Oliver turned his guns towards what was going into school dinners. Though he admits his own children are not likely to be affected by the poor quality of food served in state schools – he sent his youngsters to a Hampstead prep school – he saw it as a challenge and one that would make for interesting television.
“Jamie was poised to stoke the fires that had been simmering for some time in school kitchens,” writes Smith, saying the twin evils of a loss of home economics from the curriculum and the privatisation of school dinners meant you had poor food served to people who couldn’t boil an egg.
“We have a government that should stop making suggestions and do a handful of things that will improve our children’s health, lives and capacity to learn,” said Jamie as he launched his plan to work in school canteens in Greenwich to teach dinner staff to cook healthy meals, and teach children to ditch junk food.
It sparked a national debate which prompted the government to plough an extra £40 million into food services.
The book flash-fries his childhood: we hear of how he struggled at school because of his dyslexia, but brimmed with confidence; of weekends working in his father’s pub, which explains his passion for food; and its role in entertaining friends and family.
As a teenager, Jamie headed to Kingsway College’s catering school, and it was here he found his forte.
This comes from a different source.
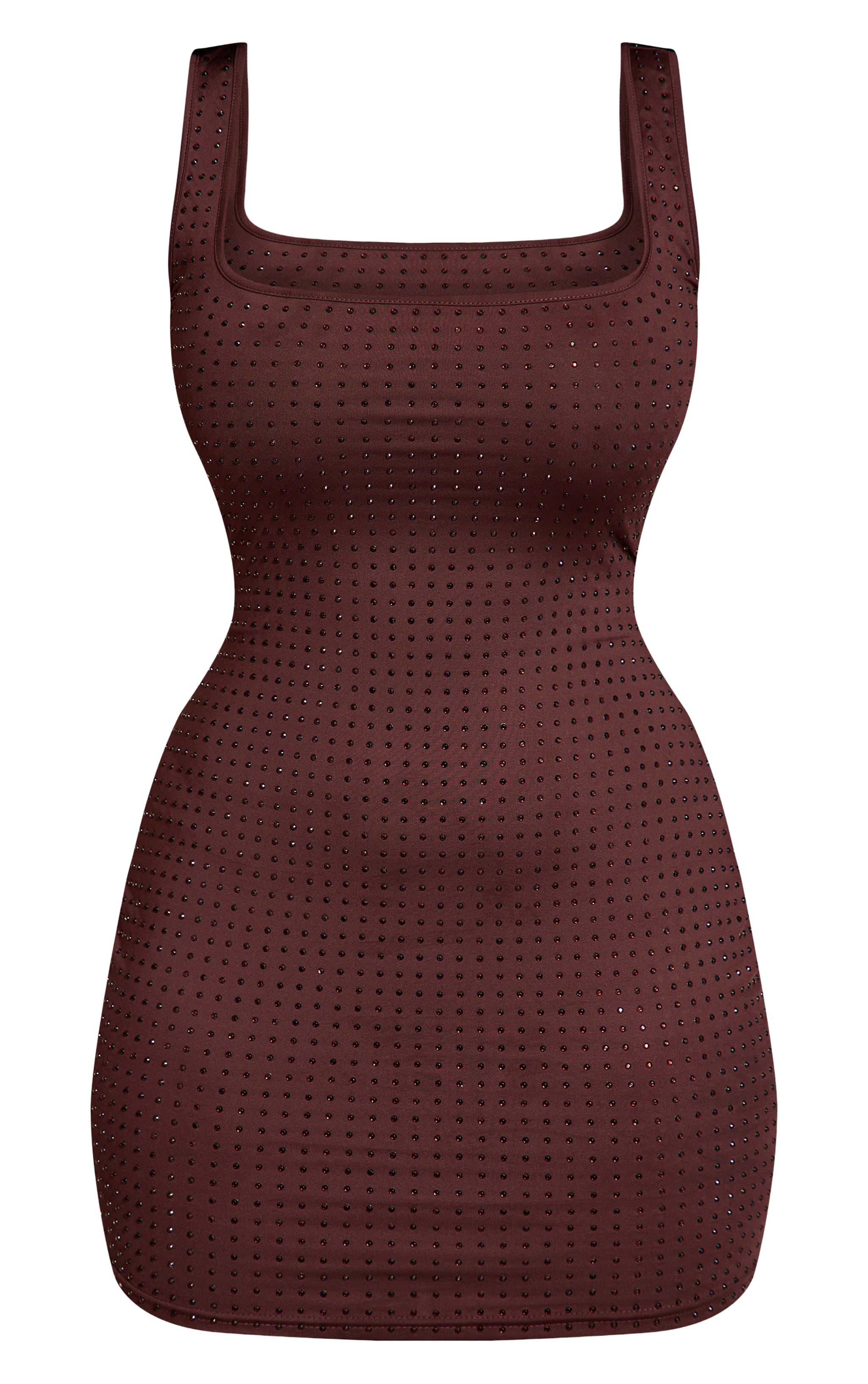 Shine through the night in the shape chocolate hotfix mini dress. Crafted from slinky stretch fabric in rich chocolate adorned with sparkling hotfix embellishments, this dress hugs your figure in all the right places. Pair with metallic heels for an ultra-glam finish.
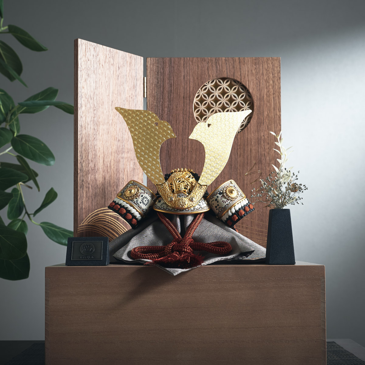 | 雄山作 日月之極 兜収納飾り 天照と月読選べる2type モダンなデザインを取り入れたコンパクトな五月人形 端午の節句を彩る逸品 ■"太陽と月"がモチーフの兜 ・天照:太陽をテーマにしたデザインの兜。精緻な金具細工で大地に降り注ぐ光を表現しています。屏風には「組子」を採用。「七宝柄」づかいで、節句がより華やかに。 ・月読:月をテーマにしたデザインの兜。兜鉢には、ウサギたちが月の周りを跳ねながら餅つきをする様子があしらわれています。屏風は丸窓のような趣があるデザインで、月夜の静寂さを表現しました。 ■Pedestal[台座] 節句が終わったら収納箱に。実用性xデザイン性を兼ね備えた台座。焼き桐の箱に塗装をかけることで、重厚感と高級感を引き立たせています。兜一式をすっきり収納できるような設計にしました。 ■Flower[花] 現代のお部屋にぴったりのお花をご用意しました。華やかながらも主張しすぎないデザインが、ほどよいアクセントになります。 《本作品に関するお願い》 ・掲載画像の兜飾りは撮影用見本です。お届けする商品とは細かい点で差異が生じる場合があります。 ・職人による手作り品のため、兜飾りごとに個体差があります。 ・柄や色の濃淡などは個体ごとに異なります。 ・金属の特性上、一部変色などが起きる場合がありますが、品質上問題はございません。 ・飾り台や箱、屏風など、特に木材を使用した部品については、天然素材の性質上、木目や色味の違い、節の有無など、個体差が発生します。 ・その他、塗装のムラや少量の接着剤のはみ出し、木製部品の小さな欠けなど、手作りでの製作工程上、避けられない箇所があります。 ・商品画像は可能な限り現物に近い色味で撮影しておりますが、お使いのモニター、また、飾られる場所の光源などによっては、実際の色味と違って見える場合がございます。 ・飾り付ける際に必ず手袋をご使用ください。錆や変色などの予防にもなります。 ・本品の上には絶対に乗らないでください。 ・本品または本品の部品は装飾品です。他の目的に使用しないで下さい。 ・天然無垢素材の質感を生かした商材です。木目や色、節の有無など、一つひとつ違いがあります。また、湿気や乾燥などで膨張や収縮、反りなどの変化が発生する場合があります。天然素材の特徴をご理解いただいた上でご購入ください。 ・カビ、または木の変形、変色が早まる恐れがあるため、使用時、保管時ともに高温多湿、直射日光を避けてご愛用ください。 ・先端がとがっている部品がありますので注意しご使用ください。 ・本商品は食べ物ではありません。ロの中には絶対に入れないでください。 ・小さなお子様が手を触れない場所にお飾りくたさい。 ・平らな安定した場所にお飾りください。 ・ギフトラッピング&熨斗には対応していません。 | |

It led him to the kitchens of the River Café, the award-winning restaurant where he honed his ability. His experience there led to the 15 project.
Kingsway brought Jamie to London for the first time. Although Oliver’s persona is of a streetwise Londoner, the book reveals a young man whose childhood was sheltered: “Coming from a village where there were so many white people, on my first day at college I thought I was in New York,” he recalls. “Every day I thought I was going to be mugged.”
Jamie’s abilities as a chef are married to his confident nature on screen, but his biggest attribute is an ability to spot a trend. He played to blokes showing off to their girlfriends in The Naked Chef, championed social responsibility in Fifteen, highlighted what we feed our kids in Jamie’s School Dinners, and his most recent series saw him cook food he had grown himself.
His next series starts this autumn. It has been inspired by the Ministry of Information’s war time push to make sure we ate sensibly and didn’t waste food. Oliver showing how you can make great meals on a shoestring sounds like ideal, late-2008 credit crunch fare – just another sign of his ability to gauge the temperature of what’s cooking in the nation’s kitchens and act on it.
• The Jamie Oliver Effect. By Gilly Smith Andre Deutsch, £8.99.